Seba Calfuqueo, A imagen y semejanza [To her image and likeness], 2018 (detail), installation, photograph (110 x 65 cm), 2 photographs (2 x 4 cm), shelf and magnifier, register by Diego Argote © Courtesy Seba Calfuqueo
This article’s title is taken from the title of a piece by Rosana Paulino (b. 1967), an Afro-Brazilian artist who has become a reference for new generations of artists struggling to transform the politics of artistic representation. In writing about the exhibition 34 Panorama del Arte Brasileño (Museu de Arte Moderna de São Paulo, 2015), which presented carved stone sculptures, Brazil’s oldest artworks, alongside the work of six non-Indigenous artists invited to address the abstract art Indigenous past, she asked why no work by contemporary Indigenous artists was included.1 I’ve altered her original phrase – “representation without participation” – swapping “without” for “and” to underline the necessity and urgency of transforming this situation. There are more than five hundred groups of Indigenous peoples among the Latin American population, but their work is barely starting to become visible in the continent’s predominantly white art landscape. How can an inclusive art historical narrative be produced? This article offers an evaluation of the representation and participation of artists linked to the continent’s first peoples in contemporary Latin American art. It explores both the work of non-indigenous artists in relation to the cosmologies of first peoples, as well as the active participation of indigenous artists. It touches on not only the work of women but also non-binary artists.

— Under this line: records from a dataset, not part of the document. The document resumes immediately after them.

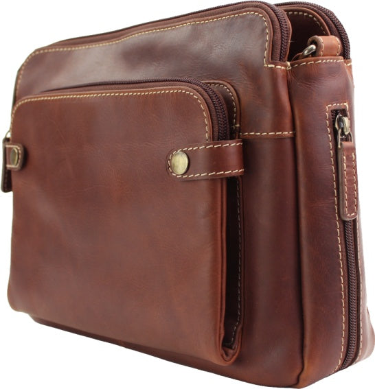 The Rugged Earth Leather Organizer Purse tmakes a great pick for busy women who need something practical. It's made from top-notch, all-natural vegetable-tanned leather that looks sharp and holds up well over time. Double-stitched edges and smooth rounded corners add extra strength, so it stays tough against daily use. This handbag uses full grain leather for strength. It has a hidden zip pocket for concealed carry, with a leather holster that sticks via Velcro on both sides. Three zipped sections sit on top, plus an open middle spot. An organizer pouch expands when needed. Inside, find one zipped pocket, two slip pouches, nine card slots, and sleeve areas. Front snaps let it grow wider, held by magnetic closers. A back zip pocket adds storage. The strap adjusts in leather, and cotton lines the whole thing for lasting use.
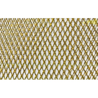 Tato zlatá síťovina s leskem má oka o velikost kosočtverců 0,5 x 0,5cm. Je vhodná na společenské doplňky, šaty apod. Lze použít na dekorační účely.
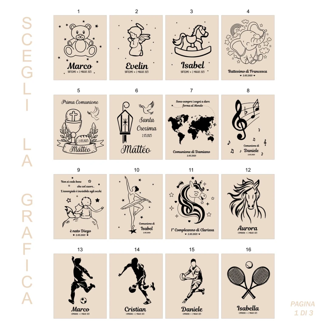 Oppure se hai un tema particolare e vuoi una grafica personalizzata (esempio tema Disney, circo, iniziali ecc) possiamo realizzare la tua bomboniera su misura, verrai contattata dal grafico e riceverai le bozze prima della produzione.
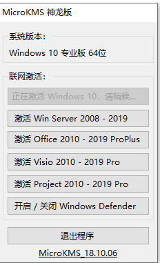 kms神龍版是一款非常棒的KMS激活工具,它的主工功能就是可以激活Windows8/8.1、Win10、Win11系統,同時也支持Offi能2010-2019的KMS激活,而且該工具,純凈無捆綁,激活也比較安全
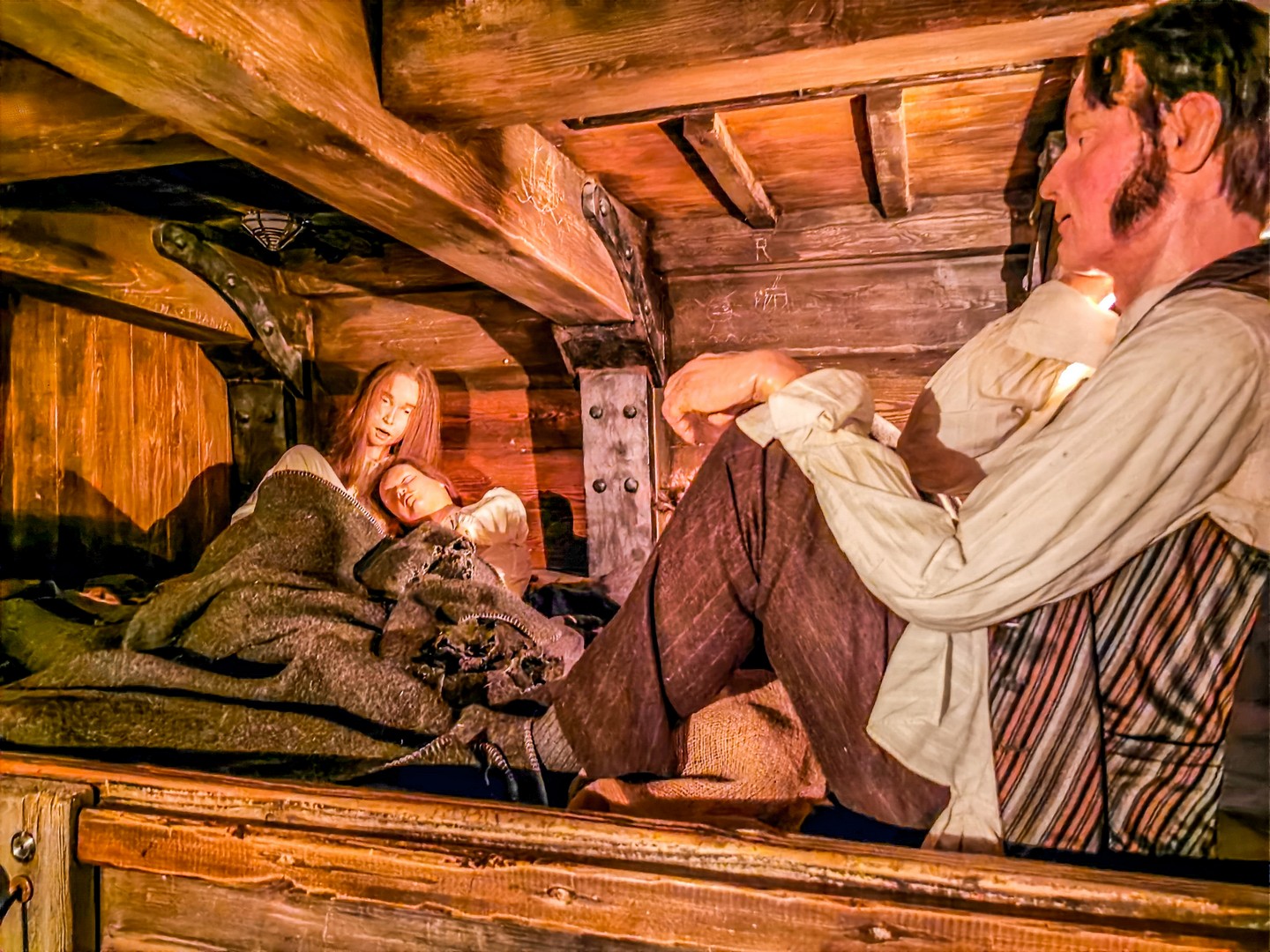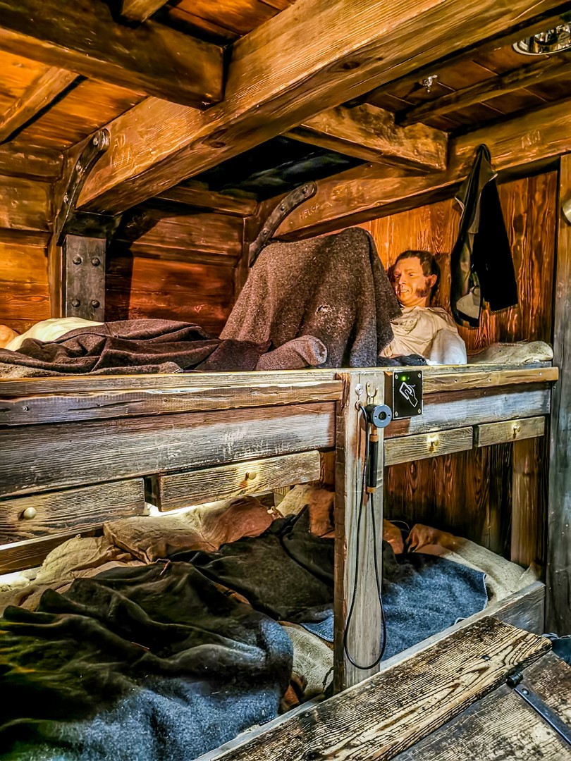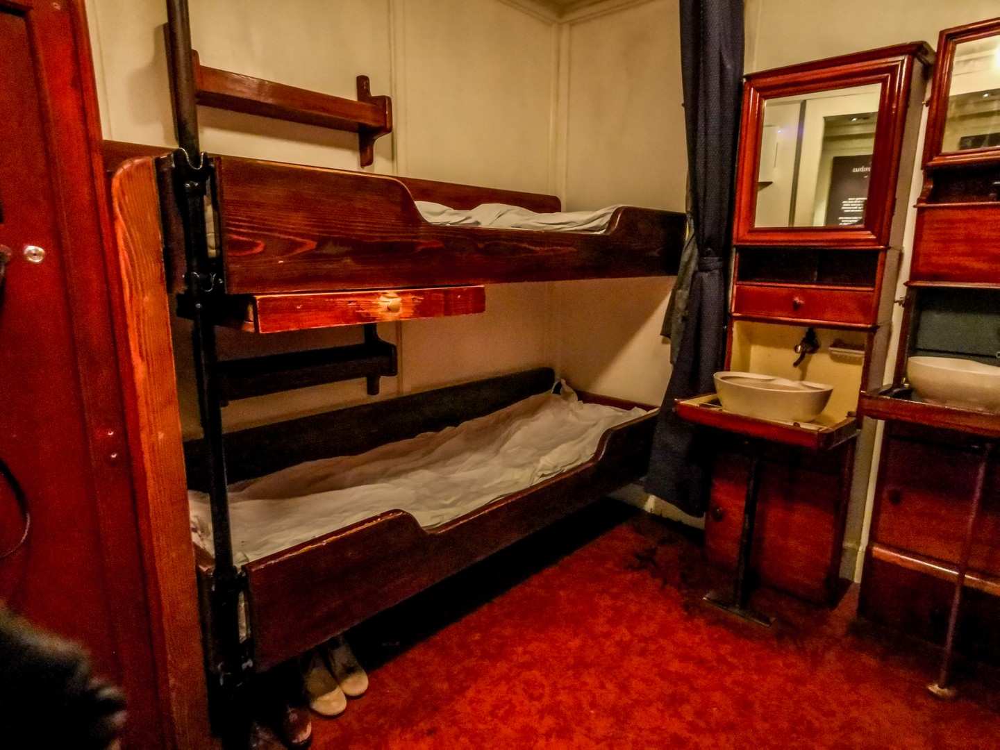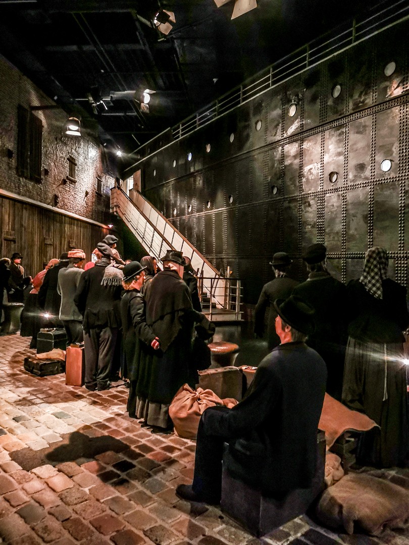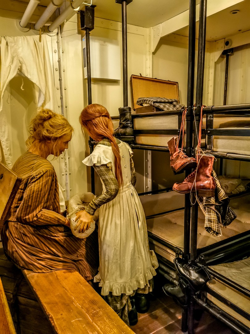 Comme la plupart des passagers, nous voyagerons en 3e classe. Nous embarquons donc et dans un couloir qui tangue vraiment (comme sur un bateau, pour reproduire les sensations d’un vrai voyage en mer) et nous allons voir l’évolution des conditions à bord, depuis les voiliers qui mettaient 10 semaines à traverser l’océan (dortoir commun, pas de toilettes) jusqu’aux paquebots qui sont arrivés à réduire le passage à 5 jours (couchette et toilettes communes). On reste quand même bien loin des paquebots que je connais.

In order to produce a representation with participation it is necessary to form alliances, open doors and contribute to strategies to empower Indigenous artists and cultures. While the process of participation by Afro-descendant artists started at the end of the twentieth century and is now being consolidated,2 in the case of original peoples, their presence in contemporary art is more recent, framed by the situation following the outbreak of Covid-19.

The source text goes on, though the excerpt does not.